14. The method of claim 13 in which A is, or contains a moiety which is, an alcohol, an aldehyde, a ketone or amine.

15. The method of claim 13 in which U is selected from the group consisting of lactones, diacids, polyacids, diols, polyols, and combinations thereof.

16. The method of claim 13 in which B is an ester, ether, anhydride, carbonate, amide, acetal, ketal or Schiff base bond.
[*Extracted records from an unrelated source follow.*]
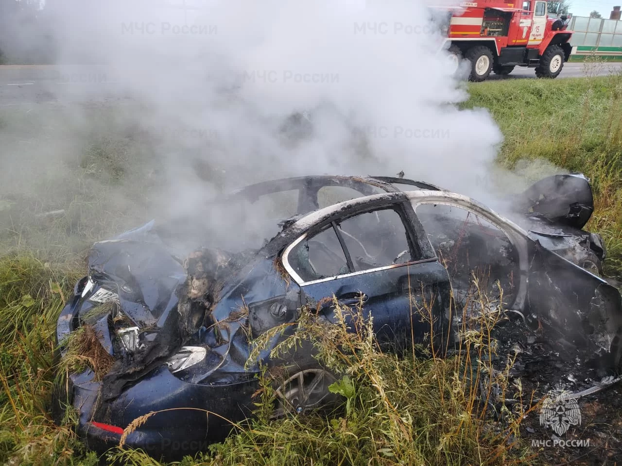 Около семи утра в районе деревни Дошино водитель автомобиля BMW потерял управление над транспортным средством. В результате иномарка съехала в кювет, перевернулась, а после загорелась. На данный момент известно об одном пострадавшем.
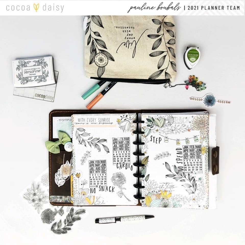 This is my other project where I love to use stamps: my tracker page! For this one, I used the Flower and Doodles Stamp Set stamps, alpha stickers, and an older calendar stamp. I use the calendar stamp for tracking no spend/no snack and cardio. I circle the day’s number in green if I did the task correctly or make a red cross if I didn’t. For my steps tracking I use more decorative stamps. I just add the day’s number, and I color the stamp depending on how many steps I did this day.
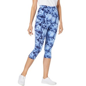 Woman Within Stretch-Cotton Knit Pull-On Printed Capri Leggings - 1 of 4
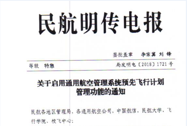 二、初期,系統(tǒng)僅受理跨中國人民解放軍戰(zhàn)區(qū),或者跨民航地區(qū)管理局轄區(qū),或者使用外籍航空器(飛行員)的通用航空預(yù)先飛行計劃,運行監(jiān)控中心將根據(jù)實際使用情況,逐步推廣應(yīng)用。
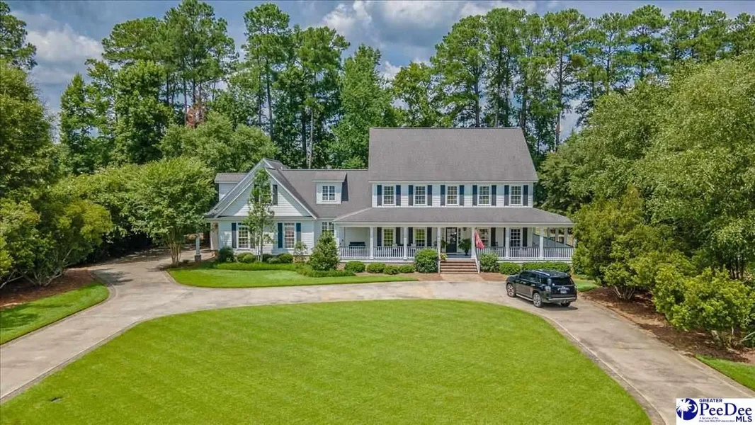 You will be smitten the second you are greeted by the huge wrap around front porch of this absolutely gorgeous home with awesome southern charm that captures the spirit of a gentler time. Warmth & calmness is embodied with it's cool color palette that flows throughout the home combined with every modern amenity to make a truly spectacular residence. This custom built, one-owner home features beautiful hardwood floors, a sun-filled great room with 2-story ceilings, built-ins & gas logs fireplace, large dining room with handsome moldings & coffered ceiling, large open kitchen featuring under counter lighting, gas range, pot filler, warming drawer, work island & breakfast bar, large pantry, wet bar, computer room & powder room. The hearth room with gas logs fireplace has french door that opens to back porch. Laundry room is spacious with sink, storage, broom closet & freezer space. Master suite is downstairs with large double walk-in closets, whirlpool tub, separate shower & his 'n her vanities. 3 large bedrooms upstairs with 2 fulls baths & 1 half bath, oversized bonus & office/man cave with desk & storage. The cozy back porch overlooks a beautifully manicured backyard with garden space. And a 3-car attached garage all on a large 0.74 acre lot at the end of the cul-de-sac. This gem is simply a breath of fresh air in very desirable West Florence location.
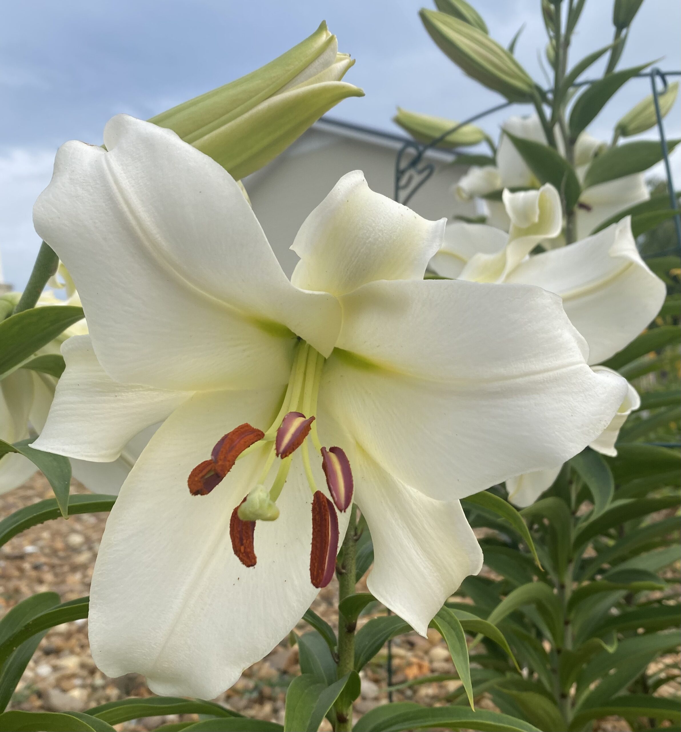 Big beautiful fragrant Casa Blanca Oriental Lily, 6-7″ blooms 5 ft ht. Will multiply over time. Great in cut flower collection.
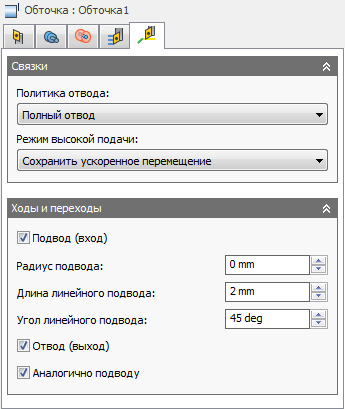 Управление способом отвода инструмента до диаметра просвета после каждого прохода резания или просто отводом на небольшое расстояние от заданного участка обработки. Расстояние определяется значением Безопасное расстояние.
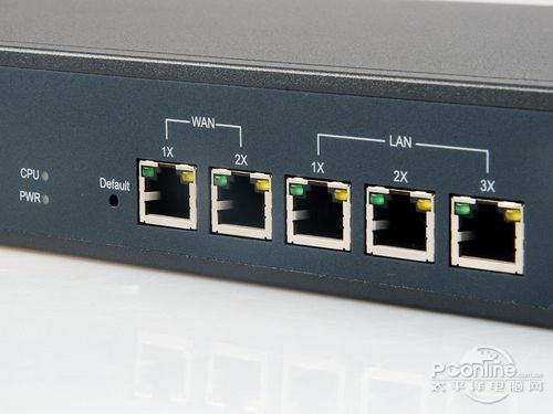 磊科NR266-E是一款双WAN口接入出租屋路由器,拥有两个10/100M自适应RJ45以太网WAN口,和三个10/100M自适应RJ45以太网LAN口。在这些以太网口的旁边则是电源和CPU状态指示灯和用来恢复出厂设置的Default键。
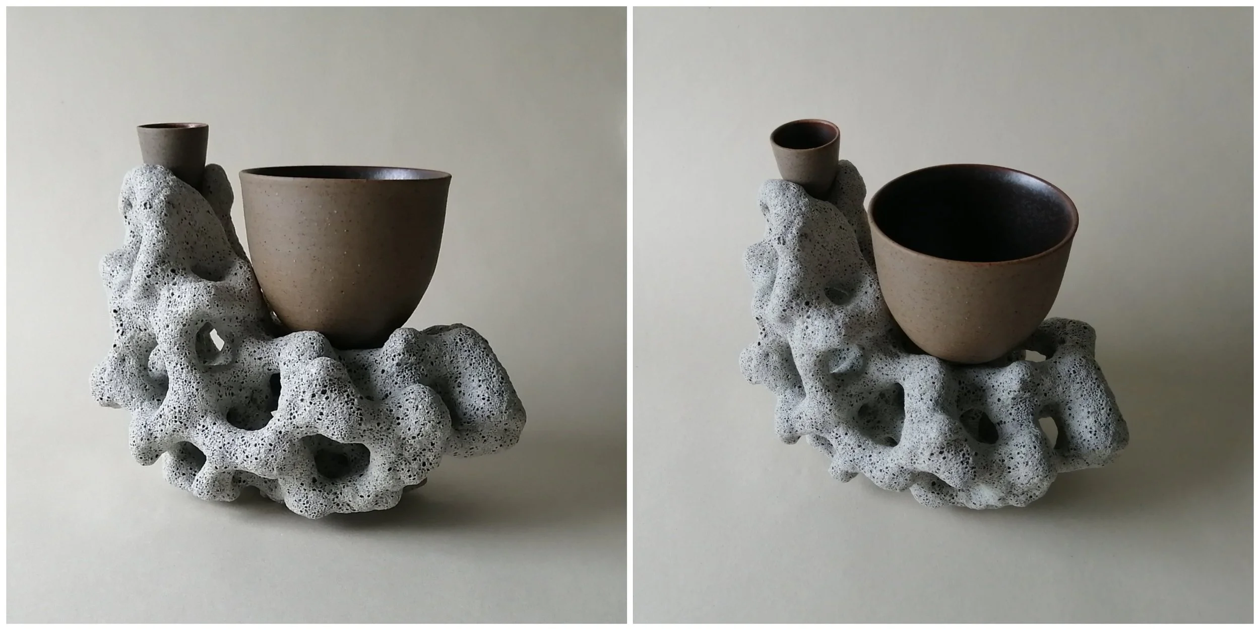 Currently, I have been working on ideas involving throwing vessels on the potters wheel and combining them with sculptural bases to create pieces that are functional as well as decorative. The contrasting textures play a large role in my work, heavily textured bases and smooth finished vessels allows for interesting tactile areas.
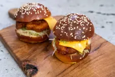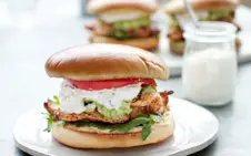 Remove the traybake from the oven and crumble or break up the goat’s cheese on top. Finish with the parsley and leave for a couple of minutes so that the goat’s cheese has started to melt. Serve straight to the table.
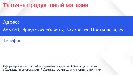 Татьяна, продуктовый магазин по адресу 665770, Иркутская область, Вихоревка, Постышева, 7а в дальнейшем Организация, размещена в следующих категориях:

17. A method of making a delayed release polymer having biological activity comprising the steps of (a) combining, in a reaction vessel, at least one catalyst capable of catalyzing formation of a bond B that is capable of being disrupted by a biological, physical or chemical process occurring in or on skin; at least one biological active, A; and at least one physiologically acceptable unit U capable of forming part of a polymer and which is capable of forming bond B with active A; and (b) maintaining the reaction vessel under conditions suitable for formation of bond B between A and U, thereby producing a polymer comprising at least one moiety U-B-A.

18. The method of claim in which the catalyst is an enzyme selected from the group consisting of lipases, esterases, cutinases, and proteases.

19. A delayed release polymer produced by the method of claim 17.